━━━━━ Data records

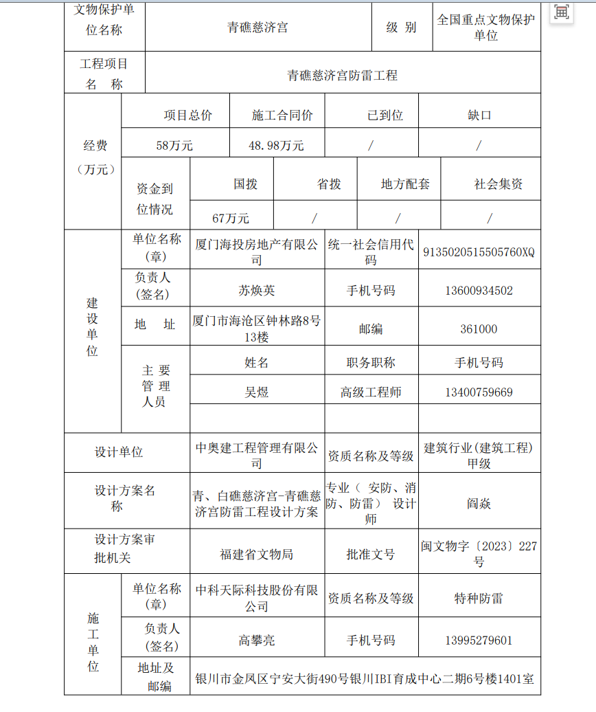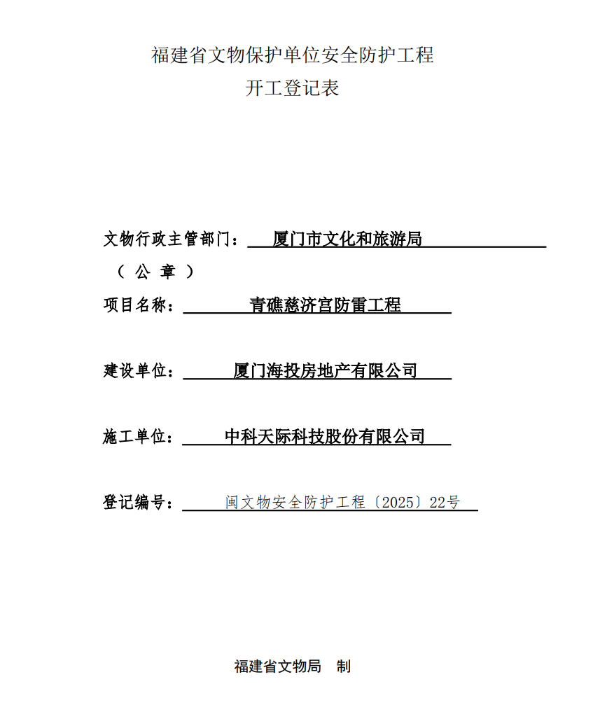 闽文物安全防护工程〔2025〕22号青礁慈济宫防雷工程
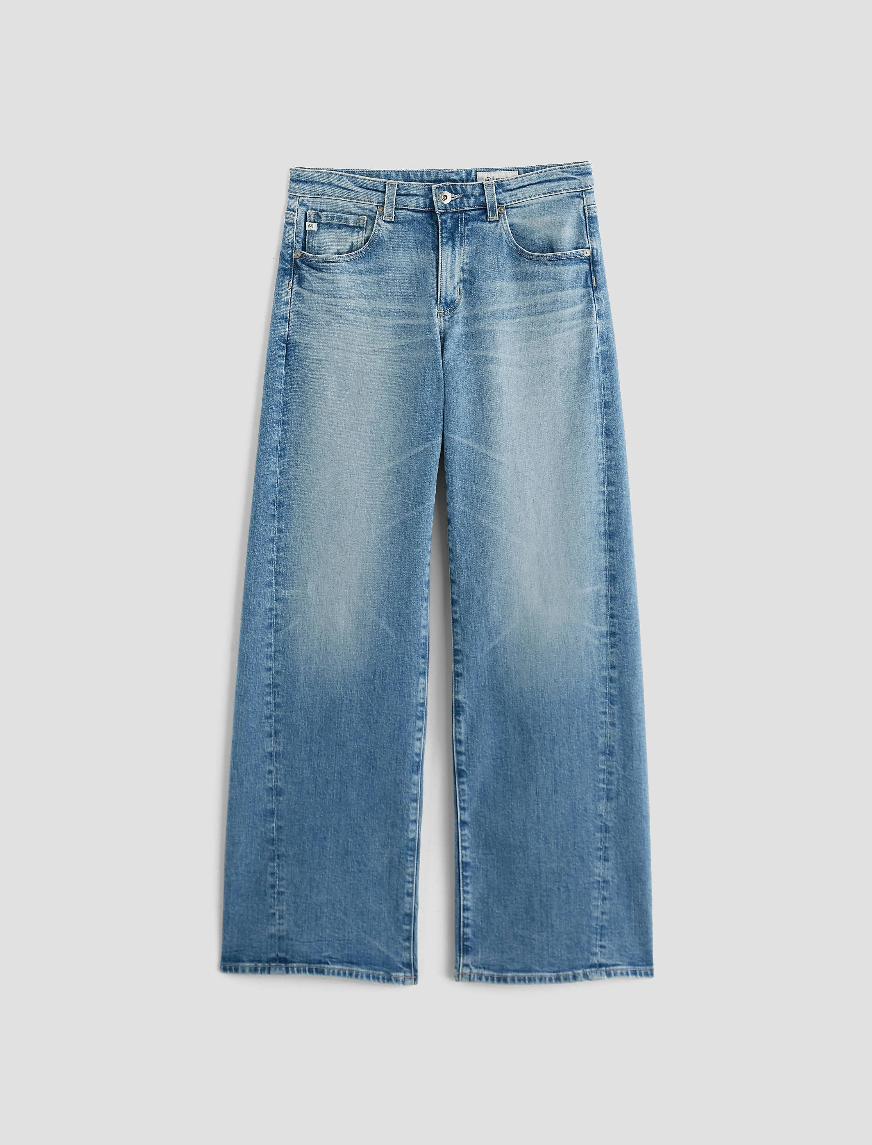 Low-Rise Wide Leg The Adria twisted leg jean delivers a laid-back silhouette with a modern edge. Cut from soft, flexible Italian denim, it offers comfort without compromising structure. The side seams twist towards the front for a new take on this cool girl style. Designed to sit low on the hips and fall into a wide-leg shape, this jean finishes with a subtle puddle at the hem for an effortlessly relaxed look. DETAILS & FIT Model is wearing a size 26. - Front Rise: 9 1/2" - Knee Opening: 22" - Bottom Opening: 21" - Inseam: 32" FABRIC & CARE Vintage Comfort Stretch Denim, 11.75 oz. 98% Cotton, 2% Elastane
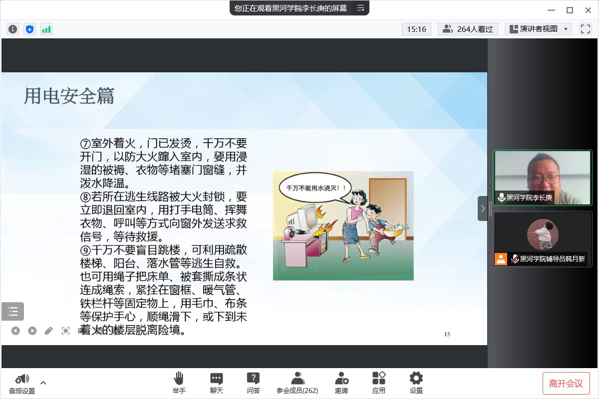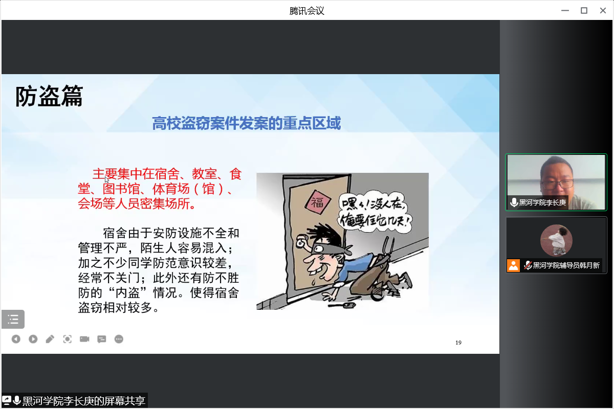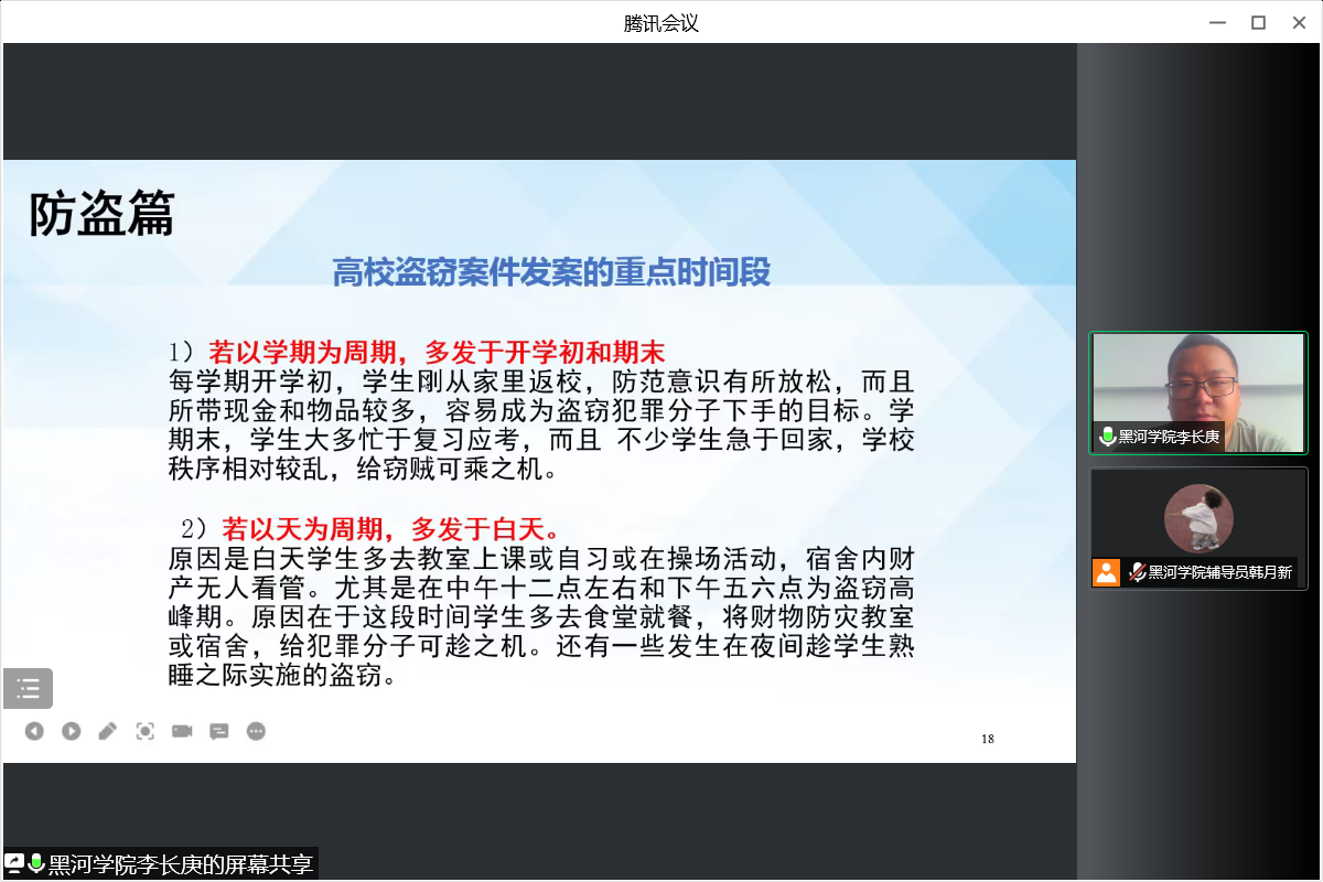会议分为两部分,李长庚老师首先讲解了有关安全教育的相关知识,从交通安全、饮食安全、用电安全以及防盗、防骗安全四个方面进行详细的讲解,其中还引用了现实中的例子来警醒学生,同时告诉学生遇到不同类型的安全事件应该如何去做。
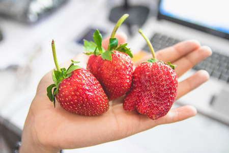A big strawberry in young girl hands on office background in soft tone mood. Big red fruit in winter season sweet and sour taste.
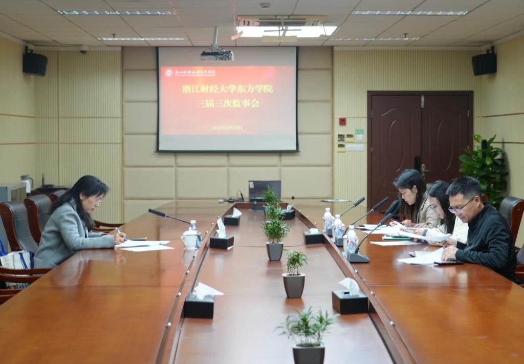学院召开三届三次监事会会议 时间:2026-04-29来源:党院办 4月29日,学院召开第三届监事会第三次会议。学院监事会成员出席会议,相关部门负责人列席会议。会议由学院监事会监事长祝红霞主持。 会议审查通过了《关于浙江财经大学东方学院2025年度财务决算的议案》和《关于浙江财经大学东方学院2026年度财务预算的议案》。(文:王海焦/摄:王周娈) 上一篇:学院召开五届三次董事会会议 下一篇:喜报!学院学生作品获IIFSA国际AI短片电影大赛“AI卓越创新”奖 【关闭】
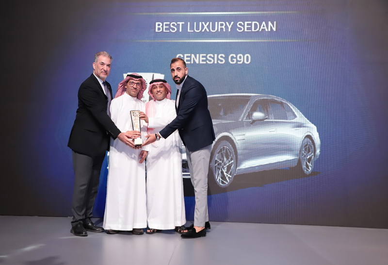 حققت سيارة جينيسيس 90Gالسيدان الفاخرة المركز الافضل بين منافساتها في فئة السيدان الفاخرة ضمن جوائز قطاع السيارات السنوية التي تنظمها وكالة "بي آر ارابيا" المتخصصة بالاتصالات التسويقية والاعلامية بقطاع السيارات في المملكة العربية السعودية. وأقيم الحفل في مدينة جدة بحضور رئيس وأعضاء اللجنة الوطنية لتجار السيارات في المملكة.
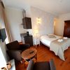 Beautiful spacious corner room at the front and rear of the hotel. The hotel room has a comfortable box-spring bed and a sitting area with a flat-screen television. The room has its own small kitchen with complete inventory. The room also has a spacious bathroom with a shower, sink and toilet.
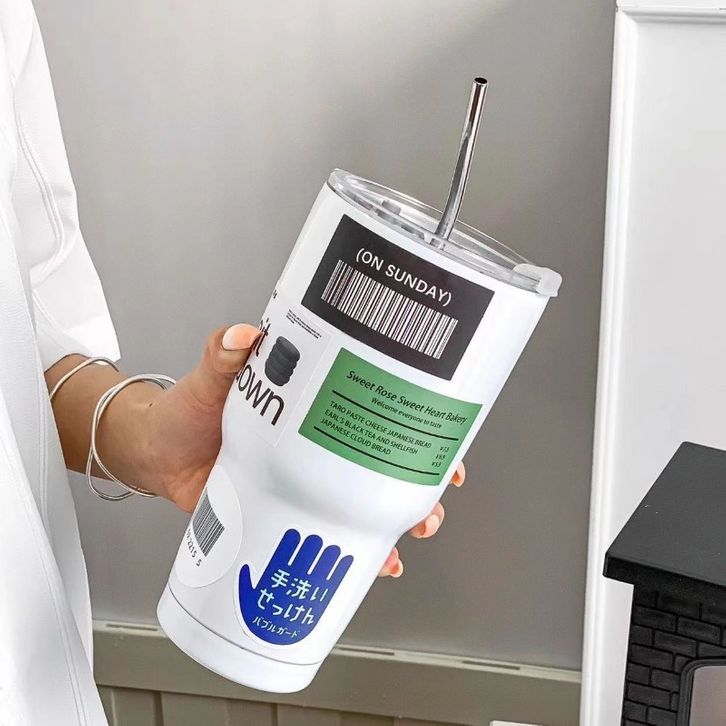 VOOVA 900ml Botol Minum Stainless Steel/900ml Sedotan Cangkir/Boto Minum Kopi Sedotan/Stainless Steel Tumblr Coffee
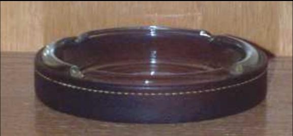 This ashtray is in almost new condition and luxuriously crafted. It is a large ashtray measuring 8.5" across and weighs over 2 pounds. I can see why Jimmy decided to take this one back home with him to Parnell, Missouri on his retirement from Monmouth Park. It is made of a heavy brown leather sleeve with harness stitching around the edge. The bottom has felt padding to protect fine furniture. On the inside of the sleeve is a gold engraving of the gates of Monmouth Park racetrack with Monmouth Park inscribed underneath and showing through the glass ashtray insert. There is a heavy glass ashtray insert that fits into the leather sleeve.
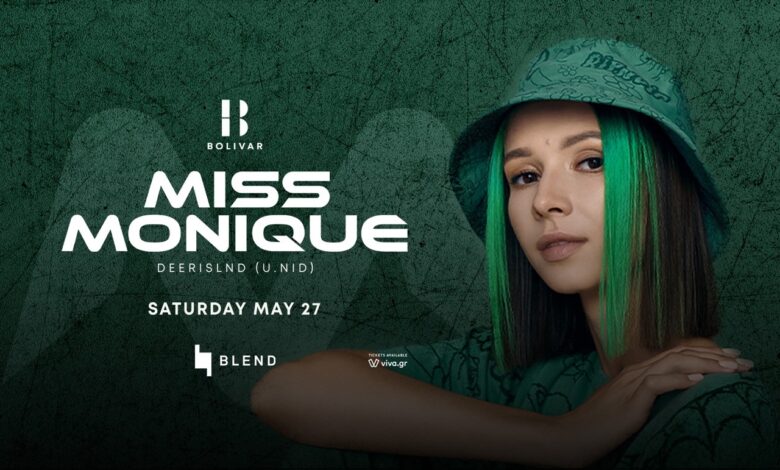 Σάββατο 27 Μαΐου Bolivar και Blend παρουσιάζουν την ραγδαία ανερχόμενη, και πλέον περιζήτητη star της dance electronica Miss Monique. Μαζί της Deerislnd ( u.nid ) Steph & Rezo
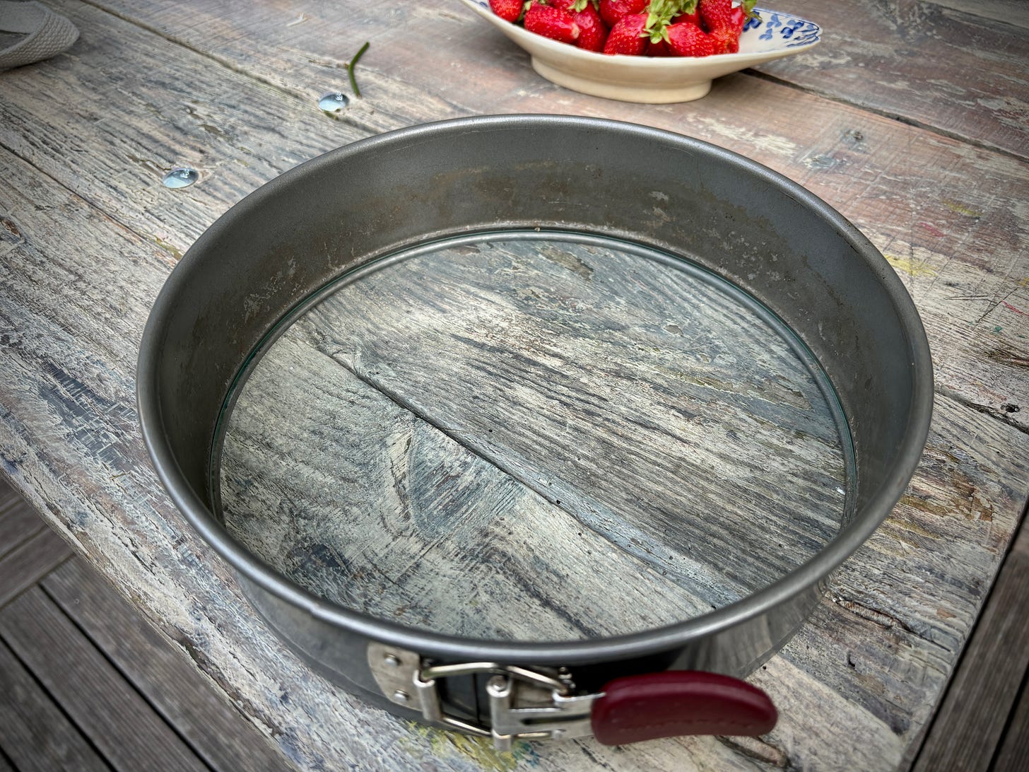 The one I have, above, is no longer being made, but there are others available, and a quick search online turned up several that are priced around $20/€20. Norpro in the U.S. makes one, and Dr. Oetker sells them in Europe. I have a stack of cake pans, mostly made by Parrish Magic Line and Ateco, but my glass-bottom springform pan has a special place in my collection of bakeware and is one of the most-used cake pans in my kitchen.
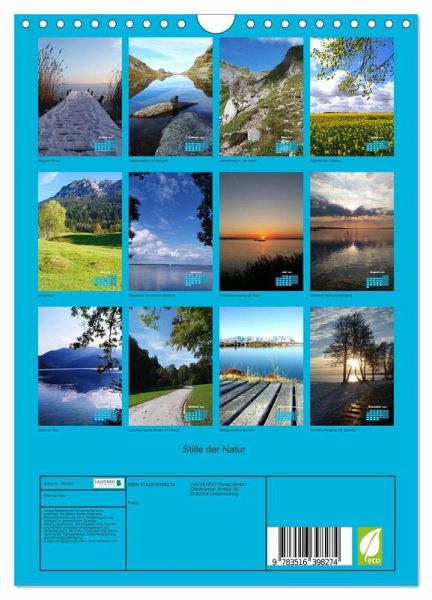 QUALITÄT - Hochwertiger Fotokalender mit 12 wunderschönen Motiven auf lichtbeständigem Bilderdruckpapier, robuste Spiralbindung mit Aufhängebügel.NACHHALTIG - deutliche Abfallreduzierung durch bedarfsgerechte Einzelstückfertigung, umweltfreundliches FSC-zertifiziertes Papier, Produktion in Deutschland, klimabewusste Logistik.PERFEKTES GESCHENK - Kalender für Freunde und Familie, für Kinder und Erwachsene, jung und alt, zu Weihnachten, Geburtstag oder zwischendurch.VIELFALT - Bildkalender in verschiedenen Formaten, z.B. DIN A5, DIN A4, DIN A3 sowie DIN A2. Ob Naturmotiv, Gemälde oder Fotos, ideal für ein persönliches Wohlfühlambiente.Momente der Ruhe von Autor(in): Fofino
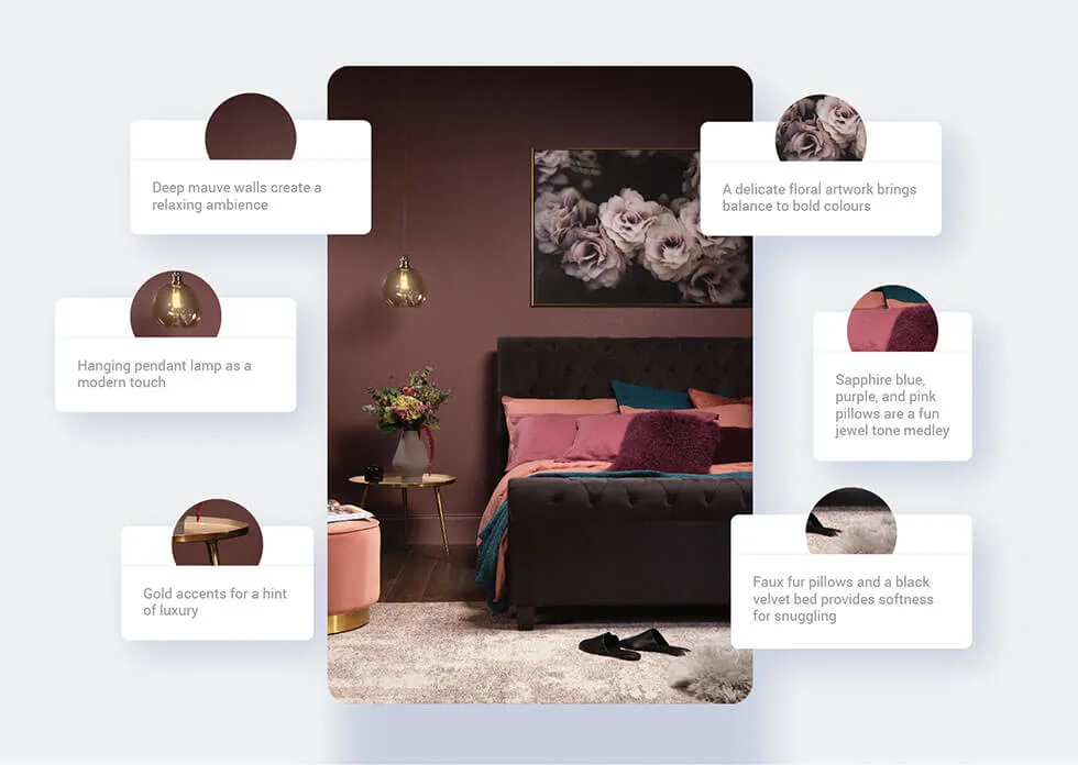 Relaxing and welcoming, a deep mauve bedroom is a respite for screen-tired eyes. Layer elegant jewel tones like sapphire blue, amethyst purple and morganite pink to evoke a deeply soothing atmosphere that still shines with major style points.

━━━━━━━━━━

Task instructions:
Transcribe the listing above exactly, leaving every picture out.

Response for this exercise:
 闽文物安全防护工程〔2025〕22号青礁慈济宫防雷工程
 Low-Rise Wide Leg The Adria twisted leg jean delivers a laid-back silhouette with a modern edge. Cut from soft, flexible Italian denim, it offers comfort without compromising structure. The side seams twist towards the front for a new take on this cool girl style. Designed to sit low on the hips and fall into a wide-leg shape, this jean finishes with a subtle puddle at the hem for an effortlessly relaxed look. DETAILS & FIT Model is wearing a size 26. - Front Rise: 9 1/2" - Knee Opening: 22" - Bottom Opening: 21" - Inseam: 32" FABRIC & CARE Vintage Comfort Stretch Denim, 11.75 oz. 98% Cotton, 2% Elastane
会议分为两部分,李长庚老师首先讲解了有关安全教育的相关知识,从交通安全、饮食安全、用电安全以及防盗、防骗安全四个方面进行详细的讲解,其中还引用了现实中的例子来警醒学生,同时告诉学生遇到不同类型的安全事件应该如何去做。
A big strawberry in young girl hands on office background in soft tone mood. Big red fruit in winter season sweet and sour taste.
学院召开三届三次监事会会议 时间:2026-04-29来源:党院办 4月29日,学院召开第三届监事会第三次会议。学院监事会成员出席会议,相关部门负责人列席会议。会议由学院监事会监事长祝红霞主持。 会议审查通过了《关于浙江财经大学东方学院2025年度财务决算的议案》和《关于浙江财经大学东方学院2026年度财务预算的议案》。(文:王海焦/摄:王周娈) 上一篇:学院召开五届三次董事会会议 下一篇:喜报!学院学生作品获IIFSA国际AI短片电影大赛“AI卓越创新”奖 【关闭】
 حققت سيارة جينيسيس 90Gالسيدان الفاخرة المركز الافضل بين منافساتها في فئة السيدان الفاخرة ضمن جوائز قطاع السيارات السنوية التي تنظمها وكالة "بي آر ارابيا" المتخصصة بالاتصالات التسويقية والاعلامية بقطاع السيارات في المملكة العربية السعودية. وأقيم الحفل في مدينة جدة بحضور رئيس وأعضاء اللجنة الوطنية لتجار السيارات في المملكة.
 Beautiful spacious corner room at the front and rear of the hotel. The hotel room has a comfortable box-spring bed and a sitting area with a flat-screen television. The room has its own small kitchen with complete inventory. The room also has a spacious bathroom with a shower, sink and toilet.
 VOOVA 900ml Botol Minum Stainless Steel/900ml Sedotan Cangkir/Boto Minum Kopi Sedotan/Stainless Steel Tumblr Coffee
 This ashtray is in almost new condition and luxuriously crafted. It is a large ashtray measuring 8.5" across and weighs over 2 pounds. I can see why Jimmy decided to take this one back home with him to Parnell, Missouri on his retirement from Monmouth Park. It is made of a heavy brown leather sleeve with harness stitching around the edge. The bottom has felt padding to protect fine furniture. On the inside of the sleeve is a gold engraving of the gates of Monmouth Park racetrack with Monmouth Park inscribed underneath and showing through the glass ashtray insert. There is a heavy glass ashtray insert that fits into the leather sleeve.
 Σάββατο 27 Μαΐου Bolivar και Blend παρουσιάζουν την ραγδαία ανερχόμενη, και πλέον περιζήτητη star της dance electronica Miss Monique. Μαζί της Deerislnd ( u.nid ) Steph & Rezo
 The one I have, above, is no longer being made, but there are others available, and a quick search online turned up several that are priced around $20/€20. Norpro in the U.S. makes one, and Dr. Oetker sells them in Europe. I have a stack of cake pans, mostly made by Parrish Magic Line and Ateco, but my glass-bottom springform pan has a special place in my collection of bakeware and is one of the most-used cake pans in my kitchen.
 QUALITÄT - Hochwertiger Fotokalender mit 12 wunderschönen Motiven auf lichtbeständigem Bilderdruckpapier, robuste Spiralbindung mit Aufhängebügel.NACHHALTIG - deutliche Abfallreduzierung durch bedarfsgerechte Einzelstückfertigung, umweltfreundliches FSC-zertifiziertes Papier, Produktion in Deutschland, klimabewusste Logistik.PERFEKTES GESCHENK - Kalender für Freunde und Familie, für Kinder und Erwachsene, jung und alt, zu Weihnachten, Geburtstag oder zwischendurch.VIELFALT - Bildkalender in verschiedenen Formaten, z.B. DIN A5, DIN A4, DIN A3 sowie DIN A2. Ob Naturmotiv, Gemälde oder Fotos, ideal für ein persönliches Wohlfühlambiente.Momente der Ruhe von Autor(in): Fofino
 Relaxing and welcoming, a deep mauve bedroom is a respite for screen-tired eyes. Layer elegant jewel tones like sapphire blue, amethyst purple and morganite pink to evoke a deeply soothing atmosphere that still shines with major style points.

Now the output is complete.